Hartenstine concludes that with Tamera’s remains being found “in a location unlikely for someone trying to flee the fire” a thorough investigation into her death should be conducted.

Noting that Tamera’s death predates his tenure as sheriff — Erik Apperson led the office until his resignation in October 2021 — Scott said he plans to have an independent review of Tamera Sanders’ case by investigator Keith Doyle.

“I’m not having him take over the case,” Scott told the Outpost on Monday. “I’ll have him review it and give [us] ideas if there are areas we can follow up on.”

Scott said some of the discrepancies Tamera’s family brought up before the Board of Supervisors seem to be procedural and “would be normal.”

Scott took over a Del Norte County Sheriff’s Office that was in turmoil in May 2022, about a year after Tamera’s death. County supervisors had appointed him to the position early after Apperson’s predecessor, Randy Waltz resigned following charges of voter and election fraud.

At the time, there was a 60- to 70-percent vacancy rate in the office, according to Scott, and no investigations bureau. Scott said he was just able to have two deputies fully trained on homicide and sexual assault investigations about five months ago. It’s difficult for his deputies to focus on current cases, he said.

“Finding the time to be able to go back to these old cases that may have been lingering or haven’t been looked at properly is really difficult,” Scott told the Outpost. “Really difficult [and] almost impossible. But I will slowly get to all of them.”

Scott said his staff, including semi-retired deputy Gene McManus, has spent hours and hours talking with Metcalf about her daughter’s case. Scott said he’s willing to continue to have staff work with her, but his staff also has to keep up with their current workload.

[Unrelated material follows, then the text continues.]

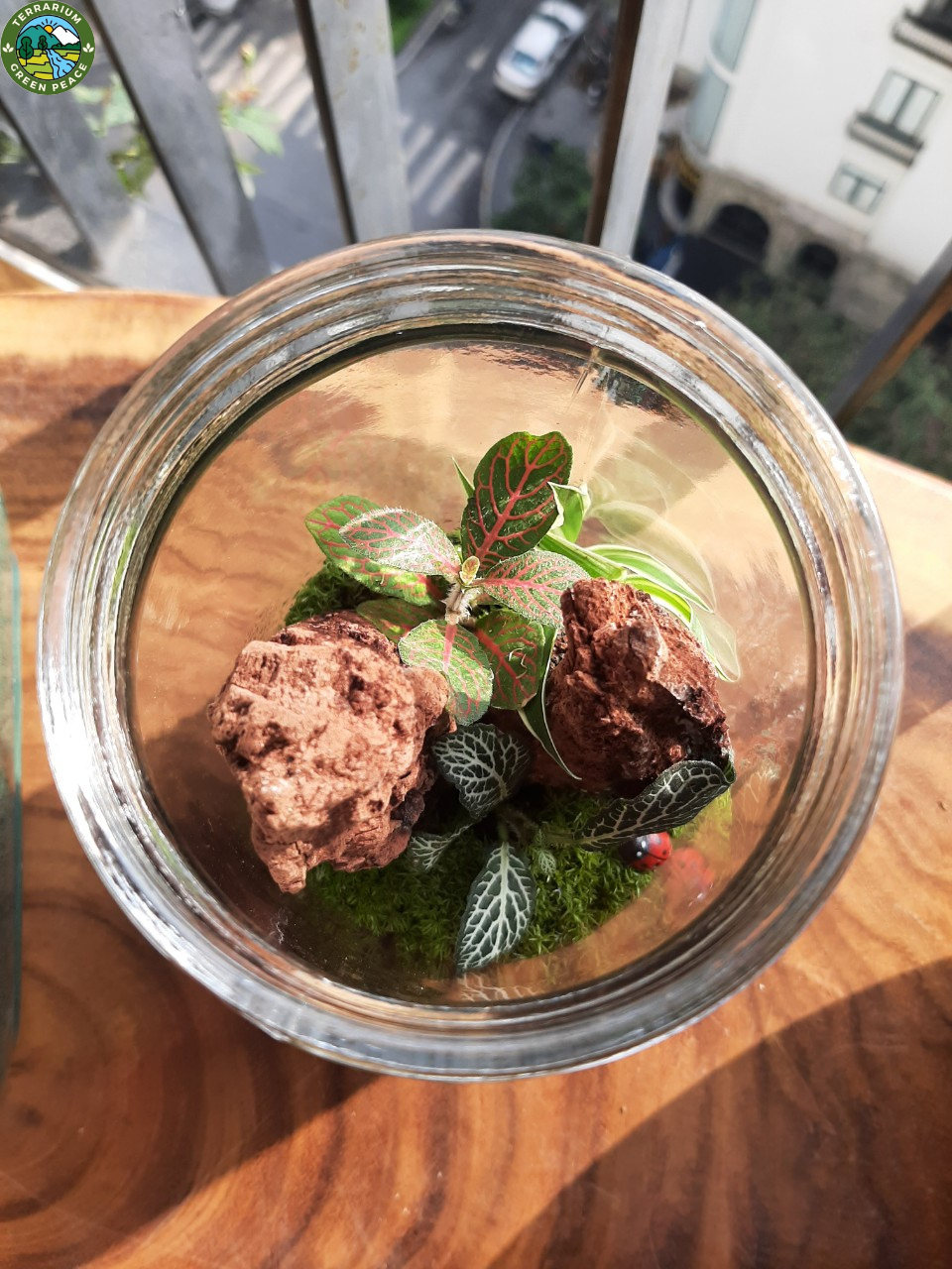 - Thành phần: sỏi suối to, sỏi suối nhỏ, rêu khô, than hoạt tính, đất trồng, rêu cỏ, gỗ lũa nâu (làm núi), cẩm nhung xanh, cẩm nhung đỏ, lan chi, phụ kiện (bọ rùa)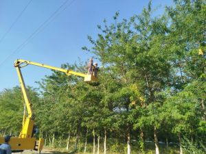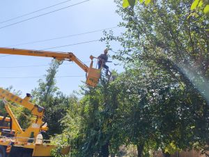“Navoiy magistral elektr tarmoqlari” filialining Yuqori kuchlanishli havo tarmoqlari xizmati xodimlari tomonidan 110 kV kuchlanishli L-X-5-25-110 kV havo tarmog’i ostigagi (muhohaza zonasi maydonida) daraxtlarning o‘sib ketgan shoxlarini qisqartirish ishlari olib borildi.

Still, the sheriff also has questions about the initial autopsy and the subsequent postmortem Illume conducted. He said he wants to know more about the 2 centimeter defect the second autopsy uncovered as well as the substances the toxicology examination detected in the body fluids.

Calfire also conducted an arson investigation, according to Scott.

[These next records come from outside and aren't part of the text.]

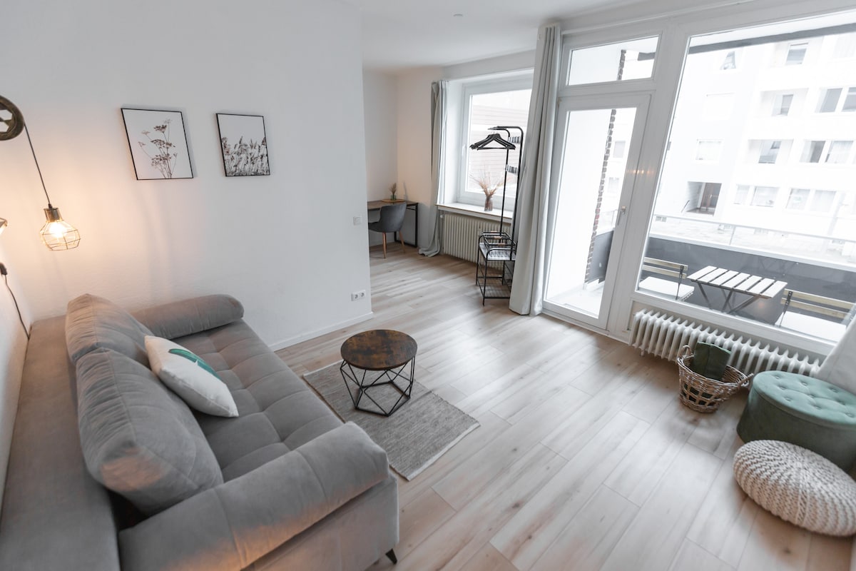Premium Apartment von Bheaven Premium Homes mit moderner Einrichtung und zentraler Lage. Fühl dich wie Zuhause in dieser frisch renovierten, gemütlichen Altbauwohnung mit skandinavischem Flair über den Dächern der Stadt. Genieße die hochwertige Ausstattung, erlebe Kultur im angrenzenden Szeneviertel und erreiche die Sehenswürdigkeiten der Stadt und das Wasser bequem zu Fuß.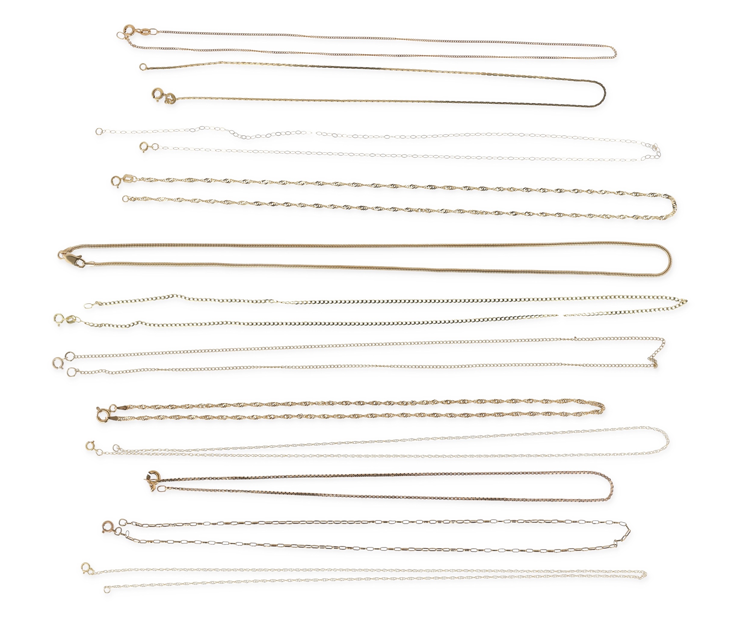 TWELVE 9CT GOLD NECK CHAINS OF VARYING DESIGNS Total weight:...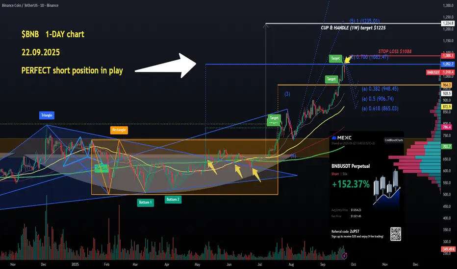 $BNB my short from $1056 has been PRINTING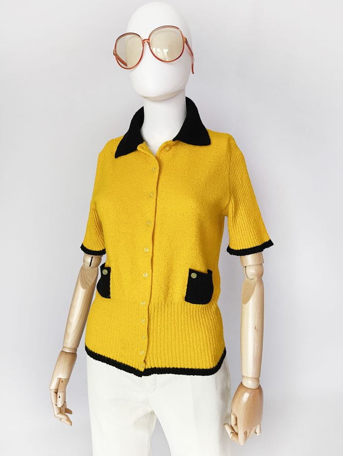 Bluzka vintage z lat 70-tych, wykonana z tkaniny a'la frotte w kolorze kurkumy z kontrastowym kołnierzem i małymi kieszeniami u dołu. Tkanina jest elastyczna. Rozpinany model z krótkimi rękawami. U dołu wysoki ściągacz.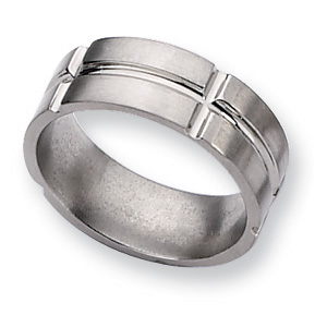 Men's titanium band features polished, intersecting grooves. Brushed finish. Width: 8mm. Made of aircraft grade titanium in China. Comfort fit. Aircraft grade titanium [Ti 6Al-4V] is comprised of 90% titanium, 6% aluminum, 4% vanadium. It is hypoallergenic and guaranteed not to cause allergic reactions, skin irritations or discoloration of any sort. While pure grades of titanium [99.9%] used in most other titanium jewelry is very durable, Ti 6Al-4V is 2x stronger and 2.5x to 5x harder. This alloy has a tensile strength of up to 150,000 psi and a Brinell hardness value of 330.

“There is a full report from that investigator,” Scott said. “His findings… it appears there was an extension cord that was run from the home to a large shop and that extension cord was plugged into some cooking utensils within this shop area. He didn’t outright say that was exactly what caused the fire. That cord, from what my understanding is in reading that, was determined to be the area of the original hot spot.”

A CalFire spokesman referred the Outpost to the Crescent City Fire Protection District for a copy of its report.

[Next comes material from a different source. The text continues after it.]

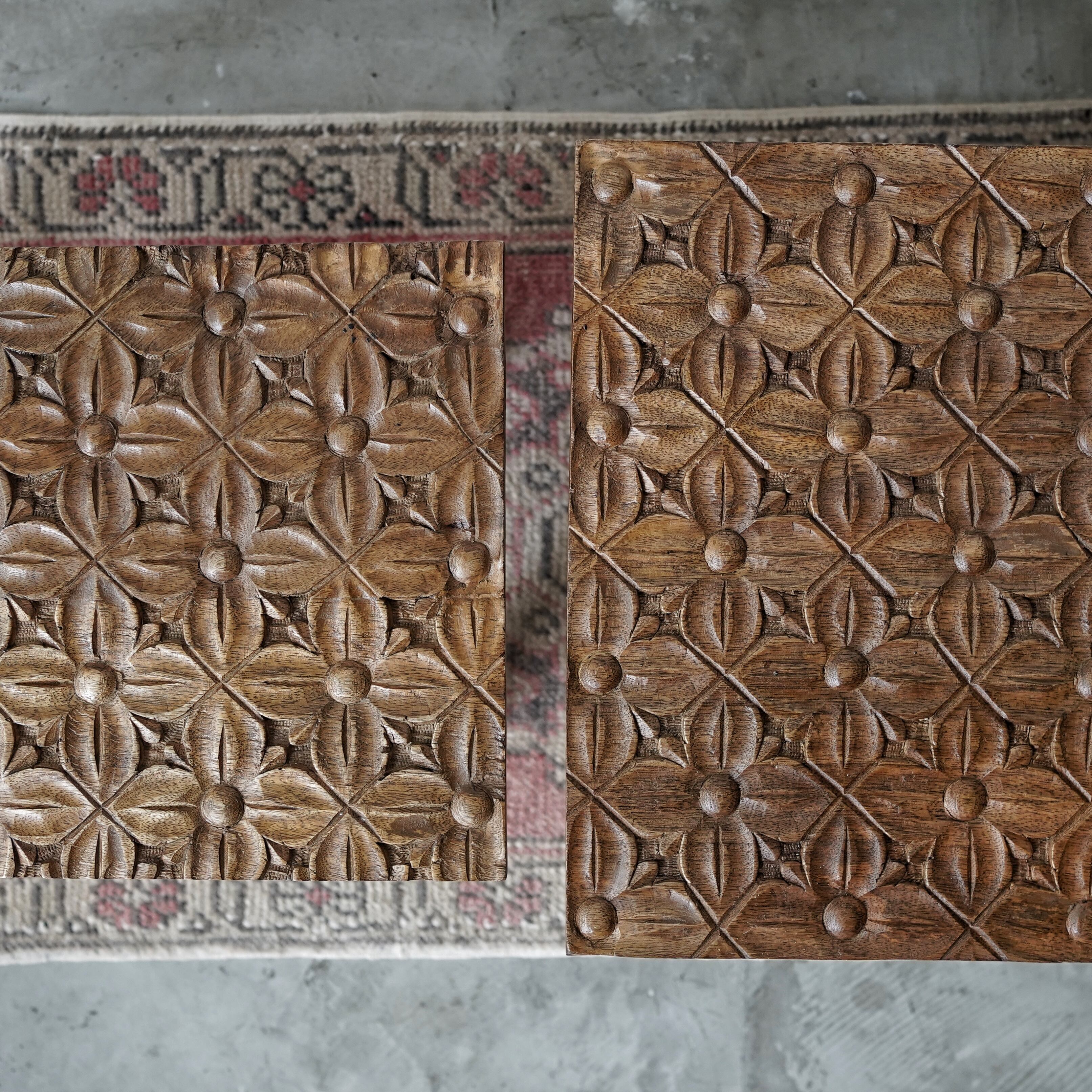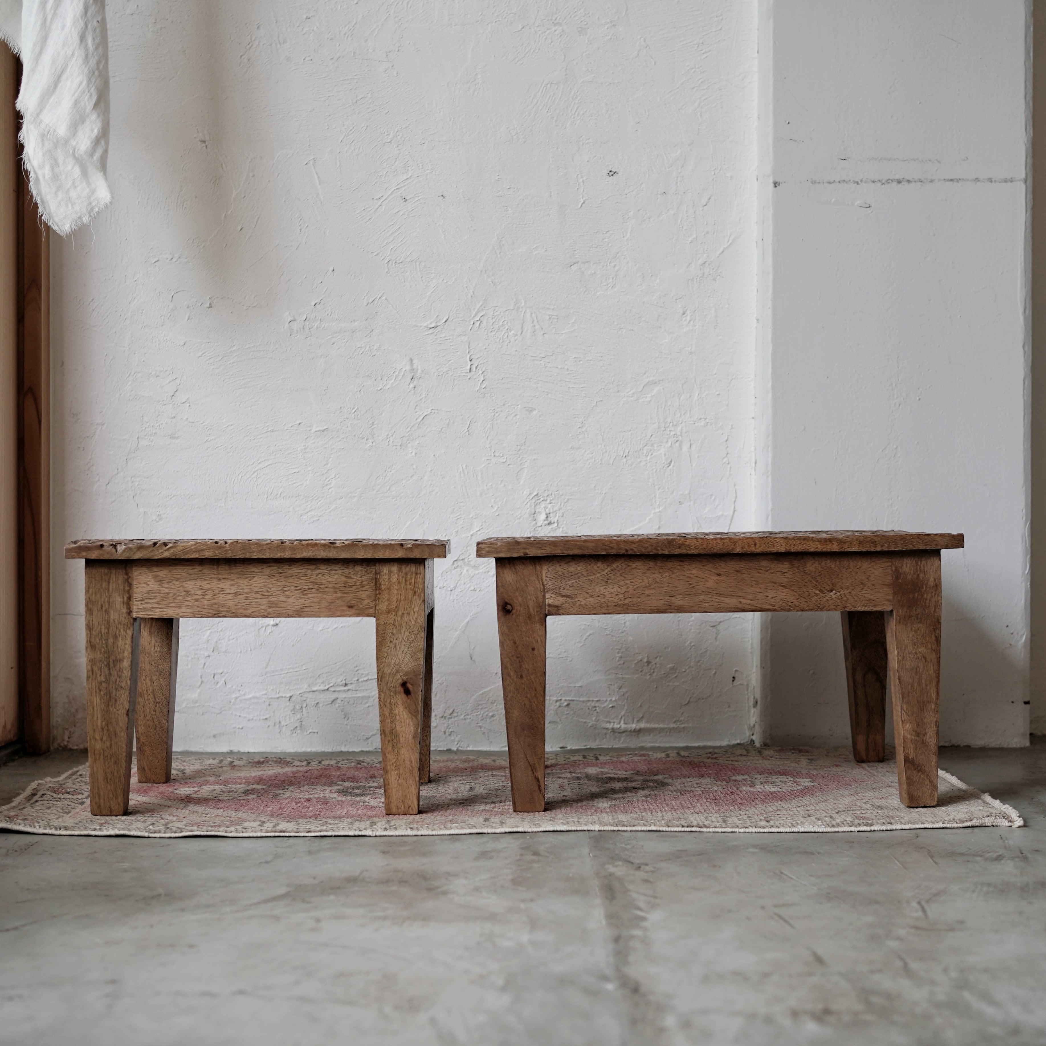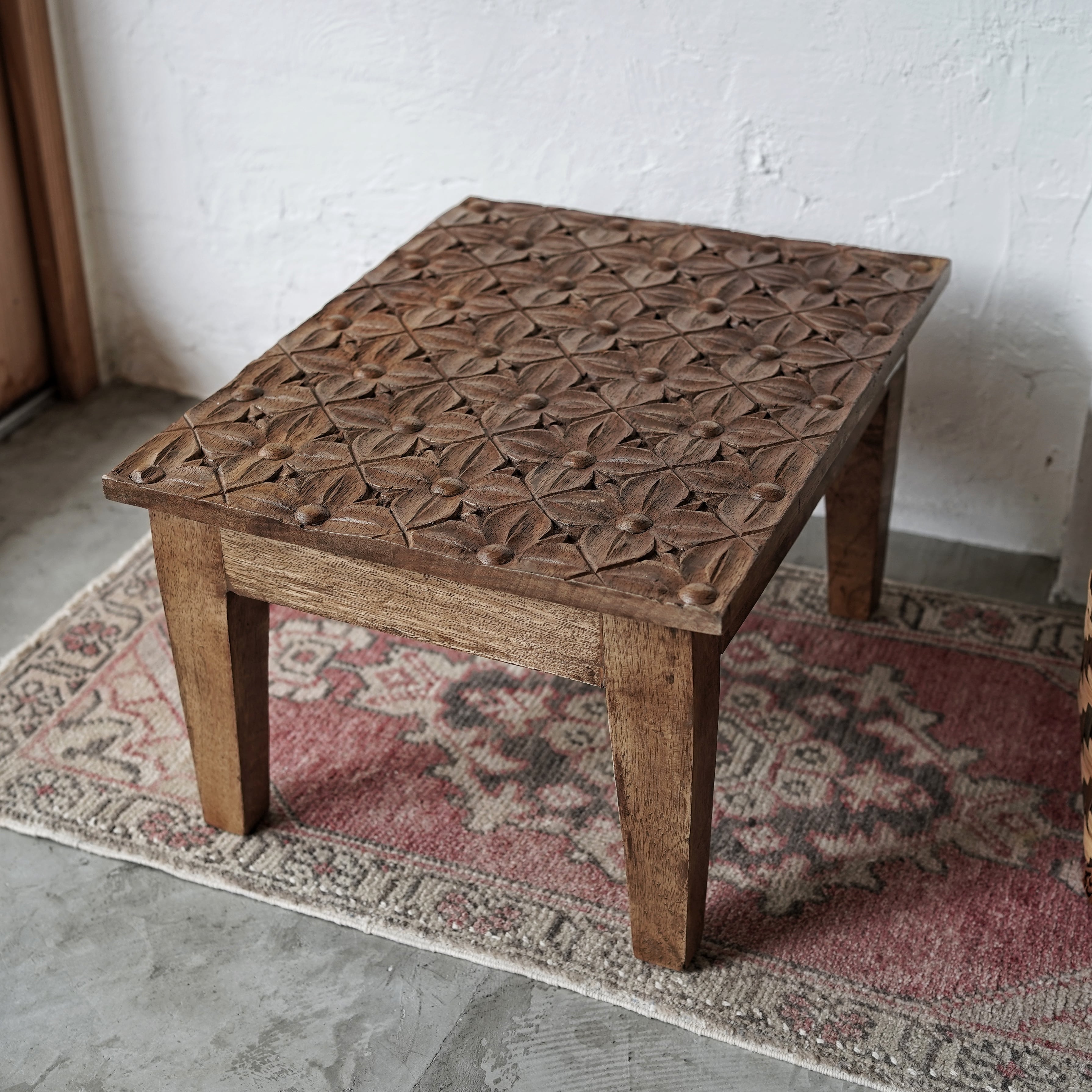 インドの職人によって丁寧に手彫りされた、マンゴーウッドのサイドテーブル。

The Crescent Fire Protection District forwarded the Outpost a copy of the incident narrative from the May 2, 2021 fire, not an arson report

Metcalf said she’s approached the Del Norte County District Attorney for help as well.

District Attorney Katherine Micks said while she has been monitoring the investigation, she hasn’t received a report from the sheriff’s office requesting she file charges against a suspect.

“If somebody believes a crime has been committed and presented me with evidence that there was a crime committed, I would of course look at that,” Micks said. “It’s a very tragic situation. I feel very badly for her family.”

Noting that Olson was responsible for conducting the first autopsy, Metcalf said she’s planning to take her concerns to the Oregon State Medical Board. She said she also wants the Del Norte County Grand Jury and, if necessary, the California Attorney General to review Tamera’s case and the DNSO’s investigation.

Metcalf said she has also paid private investigators to look into her daughter’s case, but she didn’t feel like they took enough of an interest to “really investigate.”

“My hope is that they wouldn’t put me through this. That I wouldn’t have to keep reviewing the case and keep talking about the case and keep telling people about the case,” she told the Outpost. “It’s causing severe PTSD, but I’m not going to stop. I’m going to get my daughter justice because I don’t feel she’s at rest.”